Reliability and validity of the ChIPS has been investigated in inpatient, outpatient, and community samples with both children and adolescents in a series of studies conducted by the measure’s developers. The current version of the ChIPS demonstrated similar agreement with the DICA (Reich, 2000); the Youth Self Report (YSR; Ebesutani et al., 2010); and discharge diagnoses in a sample of 47 inpatient children and adolescents (Fristad, Cummins, et al., 1998). Sensitivity was 0.70 and specificity was 0.84 when compared to discharge diagnoses. Both the ChIPS (M = 3.8) and DICA (M = 3.4) assigned more diagnoses on average than clinicians (M = 2.1) in this sample. In a community sample of bereaved (n = 18) and control (n = 22) children and adolescents, the ChIPS demonstrated adequate agreement with clinician consensus on diagnoses and symptoms (Fristad, Glickman, et al., 1998). The proportion of children in this sample who received one or more diagnoses (17.5 %) was similar to the proportion expected in a non-clinical sample, and administration was brief (mean = 21 min). Across samples and studies, administration time was significantly shorter than the DICA (Teare, Fristad, Weller, Weller, & Salmon, 1998b).

Psychometric evidence supporting the ChIPS suggests that it is a reliable and valid instrument for assigning DSM-IV diagnoses in children and adolescents.

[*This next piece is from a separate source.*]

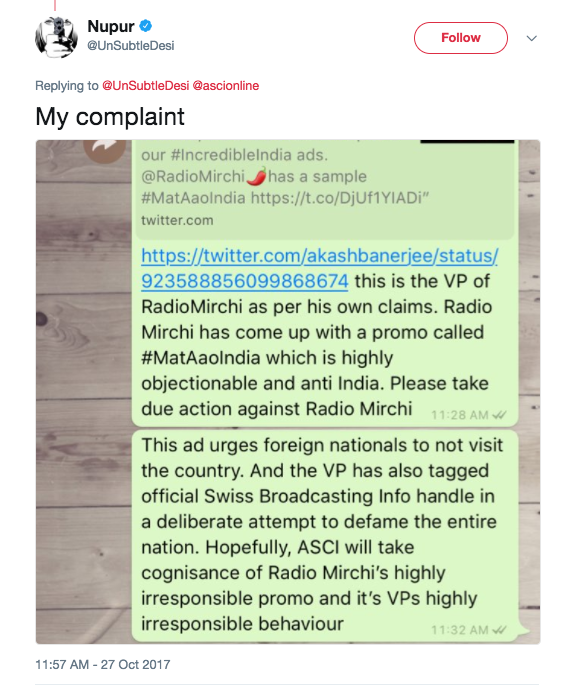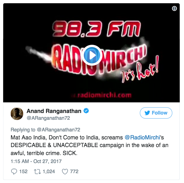According to a report published in a right-wing propaganda website, the Smriti Irani-led I&B ministry has now issued a show-cause notice against Radio Mirchi calling the content "defamatory and violative of [the] AIR code". The notice claims that by "discouraging foreign tourists from visiting India" the radio channel has violated All India Radio's program and advertisement code. The FM station has been asked to respond in 15 days on why they should not be penalised. A source at Radio Mirchi told The Wire that they still haven't received the notice.

Combining results of previous studies, Weller et al. (2000) noted both the ChIPS and P-ChIPS demonstrated a negative predictive value (i.e., the number of true negatives determined by clinicians divided by the number of negative cases generated by ChIPS) of .96. This reinforces its value as a screening measure, as diagnoses not endorsed on the ChIPS are unlikely to be present. In a small sample (N = 12), telephone administration of the P-ChIPS was comparable to face-to-face administration (Paing, Weller, Dixon, & Weller, 2010). ChIPS/P-ChIPS have superior estimates of sensitivity, child-clinician concordance, and parent-clinician concordance and equivalent estimates of specificity compared to published reports of similar structured interviews (Weller et al., 2000). The ChIPS has been used as a diagnostic measure in research focusing on topics such as childhood bipolar disorders (e.g., Fristad, 2006; Hunt et al., 2005), the genetics of reading disabilities (Luca et al., 2007), and the comorbidity between ADHD and depression (Quintana, Butterbaugh, Purnell, & Layman, 2007).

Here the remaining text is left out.